# Right Salary in Johannesburg



## ramshaila (Jan 27, 2017)

Hi

I am new to this forum. I have been offered a job in Johannesburg by an IT company and they are providing a fully furnished family accommodation + Car+ all utilities expenses paid . It will be just me and my wife. 

What would be a right salary to demand after taxes . I understand taxes are high in SA. I have demanded a net salary of ZAR 40k to 50 k per month? Is this a good salary for a comfortable living in Johannesburg? How much I will be able to save ?

Thanks
RS


----------



## sri sri (Aug 15, 2016)

I think what you are demanded is good package.
Which visa you are holding.


----------



## ramshaila (Jan 27, 2017)

sri sri said:


> I think what you are demanded is good package.
> Which visa you are holding.


Thanks.
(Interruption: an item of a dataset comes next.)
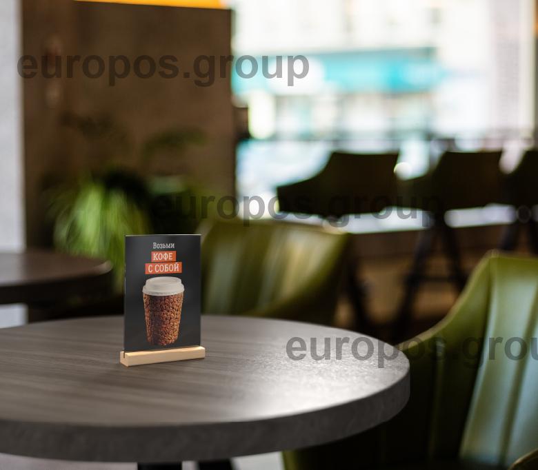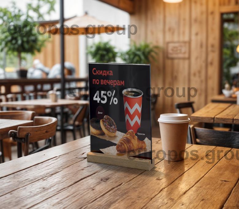 Рекламный тейбл-тент формата А5 на деревянном основании предназначен для эффективного размещения информации об акциях и специальных предложениях. Универсальное решение для установки на столах, барных стойках или в зонах ожидания, служит для привлечения внимания клиентов, способствует увеличению продаж и улучшению обслуживания. Дизайн, в котором выполнен тейбл-тент подойдет для любого интерьера. Удобная установка акрилового кармана, быстрая замена печатной вставки.

I will be getting an ICT visa.


----------



## sri sri (Aug 15, 2016)

already applied?
if applied when are where in india?


----------



## ramshaila (Jan 27, 2017)

Hi,

The visa is being applied next week. I am from Chennai.


----------



## ramshaila (Jan 27, 2017)

Hi Sri Sri,

Are you from Chennai. Could you please share your contact details ?

Thanks
Ram


----------